# Pros - Cons on Freud Router FT3000VCE



## El Abuelito (Dec 1, 2010)

Hey guys,


Looking to buy a new router for making Kitchen Cabinet doors with glass inserts. Having being leaning towards the Porter Cable combo. Then I saw an ad for this one Freud Router FT3000VCE


----------



## bobj3 (Jan 17, 2006)

Hi

If you can still get one for 200.oo bucks jump on it, you will glad you did any time you can save 150.oo on a 3 1/4 HP router it's a deal..

http://www.routerforums.com/bargain-bin/24862-woodcraft-hot-deals-bf.html


=======



El Abuelito said:


> Hey guys,
> 
> 
> Looking to buy a new router for making Kitchen Cabinet doors with glass inserts. Having being leaning towards the Porter Cable combo. Then I saw an ad for this one Freud Router FT3000VCE


----------



## jschaben (Jun 21, 2009)

El Abuelito said:


> Hey guys,
> 
> 
> Looking to buy a new router for making Kitchen Cabinet doors with glass inserts.
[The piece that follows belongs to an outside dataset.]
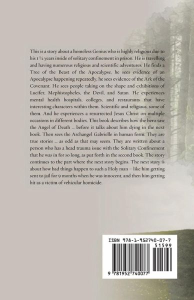 This is a story about a homeless Genius who is highly religious due to his 1 ¿ years inside of solitary confinement in prison. He is travelling and having numerous religious and scientific adventures. He finds a Tree of the Beast of the Apocalypse, he sees evidence of an Apocalypse happening repeatedly, he sees evidence of the Ark of the Covenant. He sees people taking on the shape and exhibitions of Lucifer, Mephistopheles, the Devil, and Satan. He experiences mental health hospitals, colleges, and restaurants that have interesting characters within them. Scientific and religious, some of them. And he experiences a resurrected Jesus Christ on multiple occasions in different bodies. This book describes how the hero saw the Angel of Death ... before it talks about him dying in the next book. Then sees the Archangel Gabrielle in human form. They are true stories ... as odd as that may seem. They are written about a person who has a head trauma issue with the Solitary Confinement that he was in for so long, as put forth in the second book. The story continues to the part where the next story begins. The next story is about how bad things happen to such a Holy man - like him getting sent to jail for 9 months when he was innocent, and then him getting hit as a victim of vehicular homicide.

Having being leaning towards the Porter Cable combo. Then I saw an ad for this one Freud Router FT3000VCE


Hi Arman - October issue of Wood Magazine rated it pretty highly, even with the Bosch for table routing. Take magazine ratings with a grain of salt because I think a substantial part of the ratings depends on advertising revenues though(JMHO) Like Bj said though, grabbing a 3+ HP for $200 with a 5 year warranty is tough to beat.:sold:


----------



## El Abuelito (Dec 1, 2010)

*Deciding on which Router to owen*

Thanks for your input. I picked up a used PC 690 on craigslist, it looks fairly new and runs well the test is still to come. Decided to wait on the better router. Bought a dust collector instead.


----------



## jschaben (Jun 21, 2009)

El Abuelito said:


> Thanks for your input. I picked up a used PC 690 on craigslist, it looks fairly new and runs well the test is still to come. Decided to wait on the better router. Bought a dust collector instead.
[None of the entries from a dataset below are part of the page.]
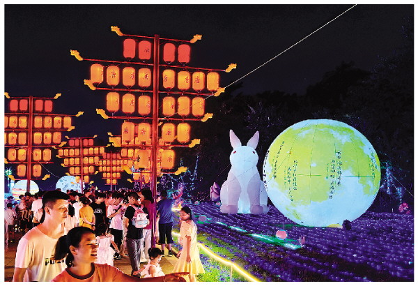 訾洲公园举办的“桂林彩灯大世界”大型国潮主题灯会营造了浓厚的中秋节氛围。李腾钊 摄
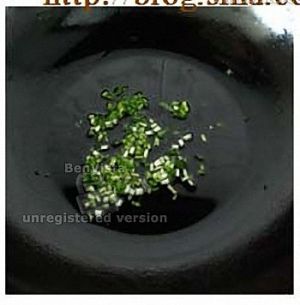 锅里放入植物油,烧至5成热关火,放入葱花爆香
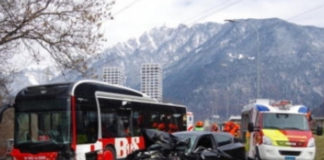 Scontro tra bus e auto a Coira, un morto e vari...

Hi Armando - Dust collector was likely the better choice if you had none at all. 690 should serve you fine, may just need an extra pass or two on the bigger stuff:yes4:


----------



## Ralph Barker (Dec 15, 2008)

El Abuelito said:


> Thanks for your input. I picked up a used PC 690 on craigslist, it looks fairly new and runs well the test is still to come. Decided to wait on the better router. Bought a dust collector instead.
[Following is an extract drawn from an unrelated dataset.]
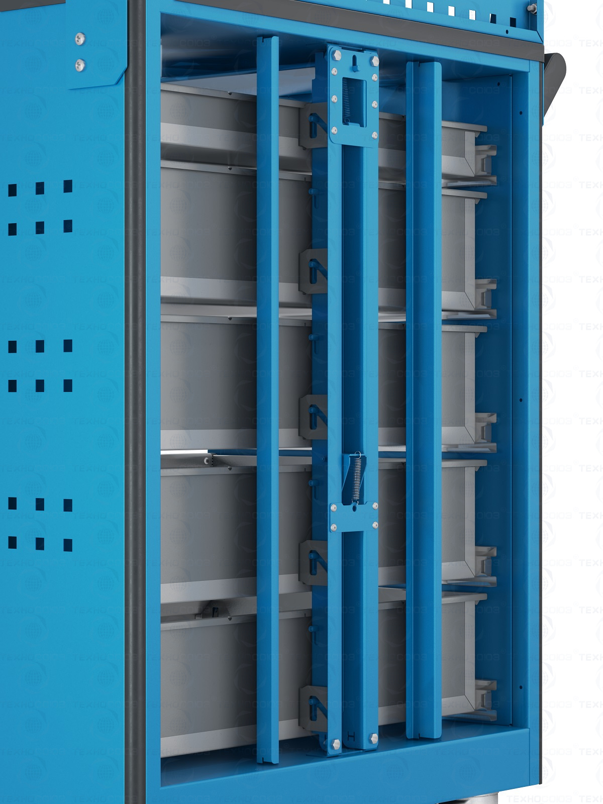 Ящики устанавливаются на шариковых телескопических направляющих полного выдвижения. Обеспечен свободный и плавный ход ящиков даже при полной загрузке. На лицевой панели каждого ящика установлена ручка-накладка. Каждый ящик снабжен клавишной системой антиоткрывания из оцинкованной стали, препятствующей самопроизвольному выдвижению ящиков, например, при наклоне или перемещении тележки.
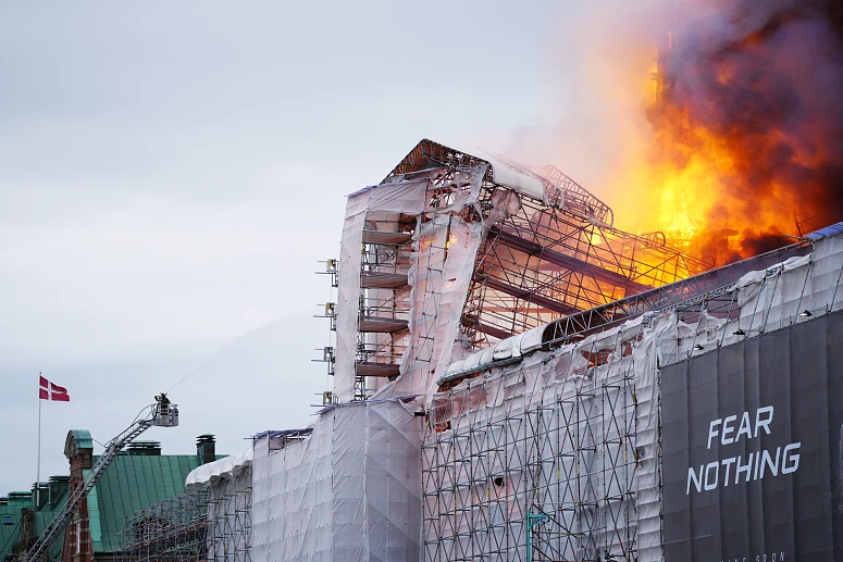 O incêndio começou na manhã de terça-feira no telhado de cobre do Old Stock Exchange, ou Boersen, espalhou-se por grande parte do edifício e do telhado, partes do qual também desabaram, e destruiu o interior do edifício, disse o porta-voz dos bombeiros Jakob Vedsted Andersen.

I have a pair of 690s that I use for most of my hand-held work. They are excellent medium-sized routers.


----------



## bobj3 (Jan 17, 2006)

Hi Ralph

How do you like the VS on your 690's ?

===========



Ralph Barker said:


> I have a pair of 690s that I use for most of my hand-held work. They are excellent medium-sized routers.


----------



## Ralph Barker (Dec 15, 2008)

bobj3 said:


> Hi Ralph
> 
> How do you like the VS on your 690's ?
> 
> ===========


I've actually only needed the VS once, when I routed the bolt slots on the 3/8" aluminum backer for the new fence. Seemed to work just fine. 

I couldn't count the cutters on the bit as they went by, though, so I'm not sure what speed it was actually running at.


----------